Once upon a time, a long, long time ago, he had a mother and a little sister and a babysitter who was not in her right mind. He would watch her do things to his sister that he should have told his mother about, but didn’t. He loved his baby sister Ta’Shana and he did not believe the woman when she said that she was Ta’Shana’s “other” mother, but he didn’t do anything about it. All day long the babysitter would keep changing Ta’Shana’s clothes, dressing her in outfits that she had snuck into the house in her bag and asking him, How does she look now? Doesn’t my baby look nice now? And he would say, She looks fine, and go back to watching cartoons with a heavy heart. When the babysitter opened her shirt and pulled out her creamy peanut butter brown breasts, he would feel a coiling of his privates in his pants. She would sit there with her shirt open tugging her thick brown nipples and asking him how they looked. Were they big enough yet? Did they look big enough to suck on yet? He would say, They look fine, and not do much else because he really did not know what to do about it at six or seven. Then she would pick up Ta’Shana and push one of the thick, wrinkly nipples into her mouth, and say, There, there now, my baby, as Ta’Shana sucked. This troubled him so much that he would go into his room and stand in the corner like somebody had put him on punishment.

He always blamed himself for what happened the day the babysitter’s boyfriend came over, because he should have told his mother about all the other stuff, he should have told her, he should have told her, but he didn’t.
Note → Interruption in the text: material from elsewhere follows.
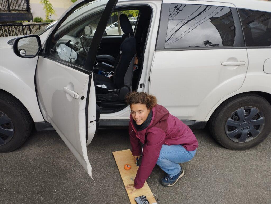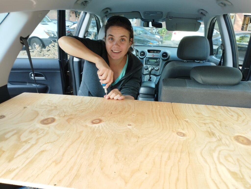 L’hiver est passé sans qu’on n’avance dans l’aménagement intérieur de l’auto. Avril, le road-trip commence : on est motivés, et malgré le froid et la neige on décide de se relancer dans la fabrication d’un lit ! Une catastrophe et un désespoir : rien ne tiens avec les vis ! Il nous faut tout reprendre à la colle… sauf que la colle ne prend pas à -1°C… Bon, échec total, à un détail prêt : on sait qu’il nous faut impérativement acheter des vis plus longues, avec une tête correcte, et qui pénètre correctement le bois.

The babysitter’s boyfriend, who was not supposed to be there when his mother was not home, had snuck over many times before to be with the babysitter, so he was no stranger. This time, like all the others before, the boyfriend and the babysitter took their clothes off and got on top of each other on the couch and started pumping and huffing and growling and panting and screaming and laughing and shouting profanity.

Crip, who was called Leon back in those days, had seen it all before so he went into the room he shared with Ta’Shana and closed the door. A few minutes later, the boyfriend and the babysitter burst into the room and started punching him and slapping him around, accusing him of being disloyal and spying on them, and they said they knew all about his plans to tell his mother on them, but they knew a way to punish his black ass, Oh, they knew a way — they would take their baby and leave him behind. He cried and screamed and pulled at them and begged them not to take his sister, as they grabbed Ta’Shana from her crib and dressed her in a sailor suit and red shoes the babysitter had in her bag. They laughed at him and slapped him some more. He ran into the kitchen and came back with a butcher knife. He was going to stab them and save his sister, but the boyfriend snatched the knife from him, then picked him up and threw him against the wall three times. It could have been more than three, but after three is when he blacked out.

When he woke up, he was in a hospital. There were police there. There was his mother crying hysterically. His sister was gone. His body was broken. His face. His legs. A few years later, his mother was gone too. Out a window.

Two nights in a row, Crip got to his throne four hours later than he normally did. On the third night, he did not show at all. On the fourth night, when he got there four hours late again, Snake was waiting for him.

“What the fuck?”

Crip said, “What do you mean, what the fuck?

“I mean what the fuck when I say what the fuck. Where you been? What’s been happening to you?”